*** Begin section ***

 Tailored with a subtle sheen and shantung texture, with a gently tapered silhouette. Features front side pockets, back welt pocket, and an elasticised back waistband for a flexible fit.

*** End section ***
*** Begin section ***

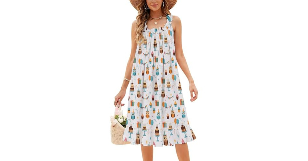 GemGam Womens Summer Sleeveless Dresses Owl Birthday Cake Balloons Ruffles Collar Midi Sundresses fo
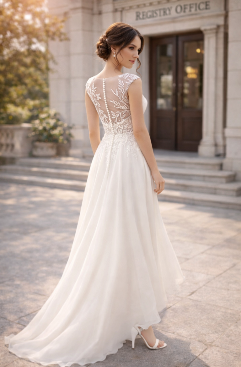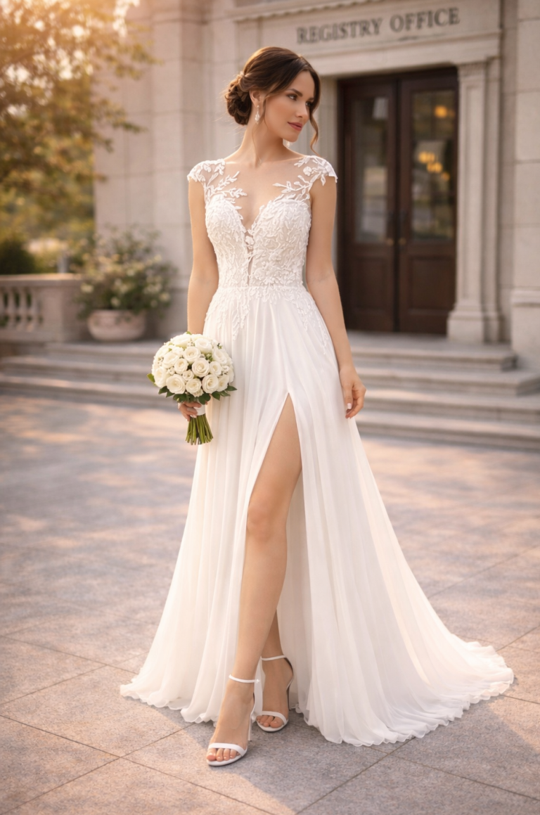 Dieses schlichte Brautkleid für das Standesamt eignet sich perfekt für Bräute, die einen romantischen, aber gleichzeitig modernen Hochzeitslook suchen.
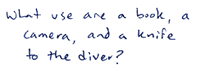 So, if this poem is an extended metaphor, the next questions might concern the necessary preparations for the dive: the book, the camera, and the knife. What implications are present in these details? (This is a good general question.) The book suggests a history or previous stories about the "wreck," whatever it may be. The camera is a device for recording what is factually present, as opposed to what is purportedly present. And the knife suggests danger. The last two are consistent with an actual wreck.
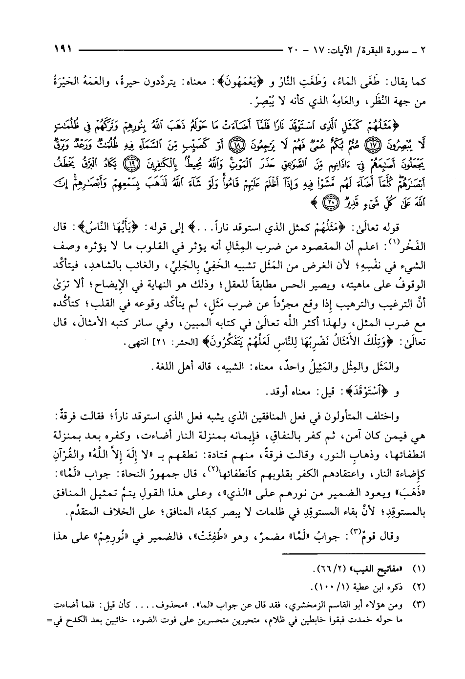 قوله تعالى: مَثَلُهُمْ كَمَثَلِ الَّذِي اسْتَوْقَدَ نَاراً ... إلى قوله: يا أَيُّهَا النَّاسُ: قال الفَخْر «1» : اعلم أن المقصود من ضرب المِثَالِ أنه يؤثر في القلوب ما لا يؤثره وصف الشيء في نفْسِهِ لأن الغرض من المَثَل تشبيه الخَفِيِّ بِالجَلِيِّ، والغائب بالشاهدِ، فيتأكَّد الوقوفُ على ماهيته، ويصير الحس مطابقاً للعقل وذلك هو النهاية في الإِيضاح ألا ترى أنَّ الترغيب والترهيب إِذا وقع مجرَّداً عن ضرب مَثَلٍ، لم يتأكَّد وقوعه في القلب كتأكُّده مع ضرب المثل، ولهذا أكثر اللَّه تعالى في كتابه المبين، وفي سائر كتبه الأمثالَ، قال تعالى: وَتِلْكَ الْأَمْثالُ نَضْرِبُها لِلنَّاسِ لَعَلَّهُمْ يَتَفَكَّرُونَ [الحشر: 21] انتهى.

*** End section ***
*** Begin section ***

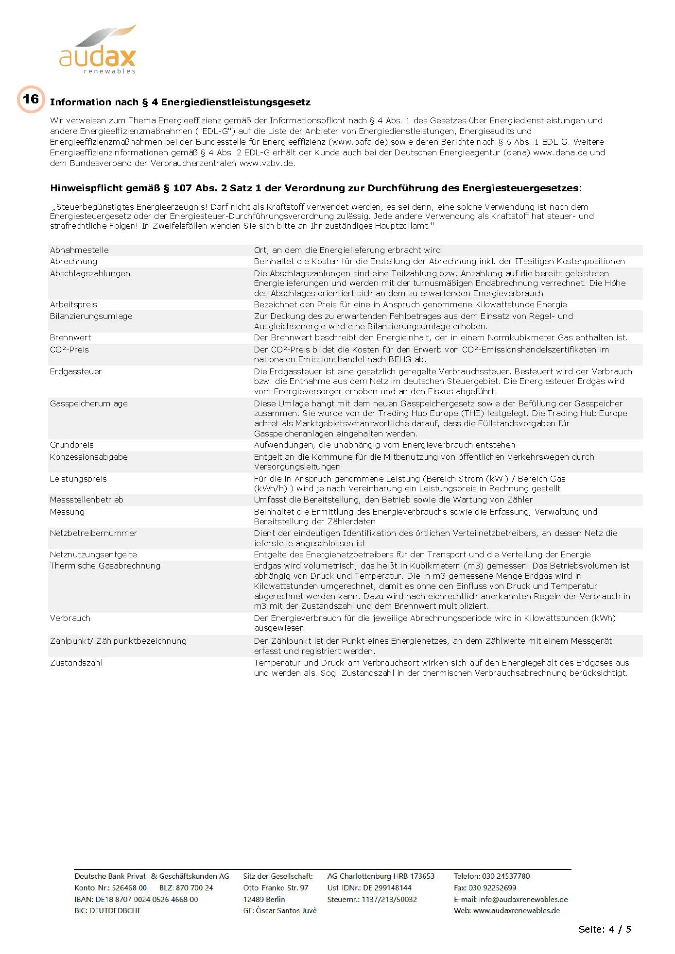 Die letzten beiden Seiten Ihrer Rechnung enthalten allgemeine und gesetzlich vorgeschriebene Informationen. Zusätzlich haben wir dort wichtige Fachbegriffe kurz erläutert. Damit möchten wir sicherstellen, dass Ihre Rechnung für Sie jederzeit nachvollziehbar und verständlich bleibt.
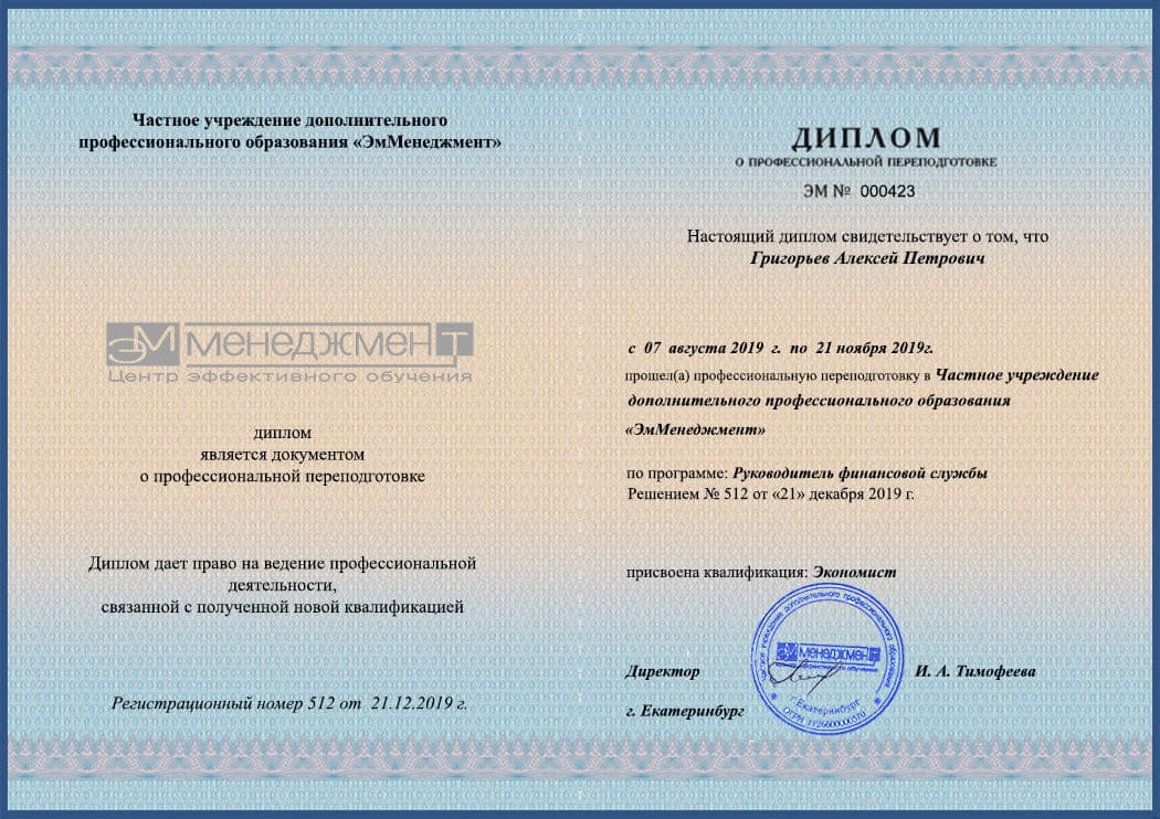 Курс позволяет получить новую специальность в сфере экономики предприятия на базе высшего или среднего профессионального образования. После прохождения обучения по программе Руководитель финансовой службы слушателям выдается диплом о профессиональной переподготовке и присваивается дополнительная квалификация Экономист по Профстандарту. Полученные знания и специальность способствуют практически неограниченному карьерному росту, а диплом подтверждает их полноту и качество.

*** End section ***

→ **What the exercise asks**
Copy nothing but the lines above that run from the one with "Die letzten beiden" to the one with "Курс позволяет получить", ends included; pictures stay out.

→ **Written solution**
 Die letzten beiden Seiten Ihrer Rechnung enthalten allgemeine und gesetzlich vorgeschriebene Informationen. Zusätzlich haben wir dort wichtige Fachbegriffe kurz erläutert. Damit möchten wir sicherstellen, dass Ihre Rechnung für Sie jederzeit nachvollziehbar und verständlich bleibt.
 Курс позволяет получить новую специальность в сфере экономики предприятия на базе высшего или среднего профессионального образования. После прохождения обучения по программе Руководитель финансовой службы слушателям выдается диплом о профессиональной переподготовке и присваивается дополнительная квалификация Экономист по Профстандарту. Полученные знания и специальность способствуют практически неограниченному карьерному росту, а диплом подтверждает их полноту и качество.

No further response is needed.